On the other hand, someone who would treat as fact the self-serving yammerings of Al Gore must be an environmentalist wacko, right? So let's have a good laugh at An Inconvenient Truth, a feature-length lecture directed by Davis Guggenheim (there's a limousine-liberal name for you!) in which the failed presidential candidate (lampooned a few weeks ago on the libertarian-tinged South Park, where he raved about a creature called "ManBearPig") drones on about cracking ice shelves and disappearing permafrost and soaring temperatures and rising sea levels. It's obviously just a tedious, 96-minute presidential-campaign commercial, right?

That, in any event, is how much of the mainstream media is likely to characterize this new documentary of Gore and his traveling global-warming slide show: Anything else would invite charges of liberal bias. But the fact is—the fact is—that only a brainwashed audience (and their brainwashers) could portray anything in An Inconvenient Truth as even remotely controversial. Gore has all the graphs and charts and time-lapsed photographs and peer-reviewed scientific studies he needs to underscore his message about where the planet is heading—and sooner than we think. So be afraid. Be very afraid.

In An Inconvenient Truth, Guggenheim weaves together the ex-vice-president's speeches before a series of packed houses all over the United States and abroad. Casually dressed, Gore is less stiff than during his last presidential run, and he has learned not to drone. But he is still clearly in his element as a pedant. After introducing himself as the former next president of the United States (a joke that made at least one viewer wince at the thought of what might have been), he shows an image of the planet as it looked in the first pictures taken from space. Then he shows a picture of the planet as it looks now. Then he graphs the differences to show the acceleration of global warming. He debunks the theory that these changes are "cyclical": Scientists have studied all the environmental cycles since the last Ice Age, he says. These are off the charts.

Guggenheim puts Gore on a pedestal, no doubt. There are biographical interpolations in which Gore discusses the death of his sister from lung cancer and the near-death of his son, and they're extremely moving. But they do edge the film a little closer to the realm of campaign biographies. That said, his spiritual journey is a great deal more compelling—and transparent—than George W. Bush's supposed revelation after decades of alcoholism and (alleged) drug abuse. Gore has real gravitas now, and not just because he has gained a bit of weight.

It's worth dwelling on the mocking responses to Gore and his book Earth in the Balance (and, for that matter, to my friend Bill McKibben's seminal The End of Nature in the late eighties) because everything Gore is saying should be old, old news. But the people on the other side will do and say anything. Perhaps the most amazing statistic in An Inconvenient Truth is that of 900-plus peer-reviewed studies in recognized journals, not one has challenged the idea of global warming, whereas more than 53 percent of articles in the mainstream media have presented it as a theory or been careful to include the demurrals of a tiny handful of bought-and-paid-for scientists or politicians. In the course of Gore's lecture tour comes the unsurprising news that Bush aide Philip Cooney routinely red-penciled the conclusions of impartial government scientists; when exposed, he resigned and took a job with ExxonMobil.

But it won't be long, Gore suggests, before other industries find it in their economic interest to sound the global-warming alarm. The insurance industry will have to pay for all the damage from hurricanes and floods as a consequence of Gulfstream disruptions.

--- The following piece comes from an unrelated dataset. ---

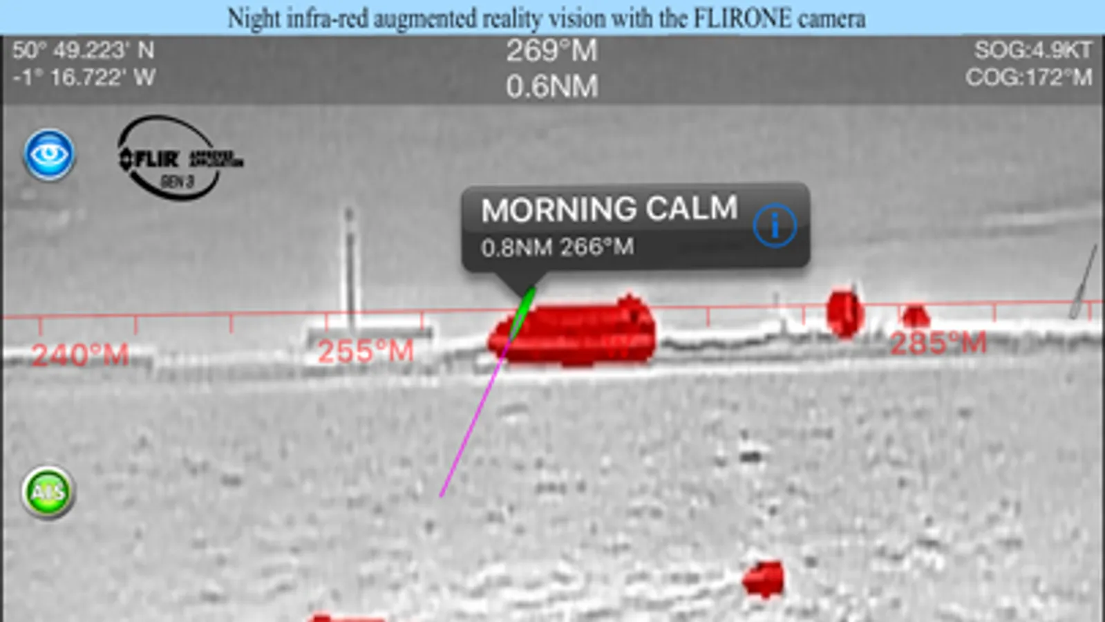 LiveView - Augmented Reality view with ships, compass & horizon overlaid. Works with FLIROne Infra-red cameras as well to see ships & people in the dark & fog (IAP)

The auto industry will register that unless it makes cars more fuel-efficient, it won't be able to sell them to anyone but Americans. There's no spinning the images he presents of earth's dwindling ice caps or, more poetically, the absence of snow on Kilimanjaro.

An Inconvenient Truth is one of the most realistic documentaries I've ever seen—and, dry as it is, one of the most devastating in its implications. See it with your kids—and watch closely to see who attacks it and on what grounds. I differ with Gore only on his optimism. "Political will is a renewable resource," he says. There's no accounting for people's nutty faith.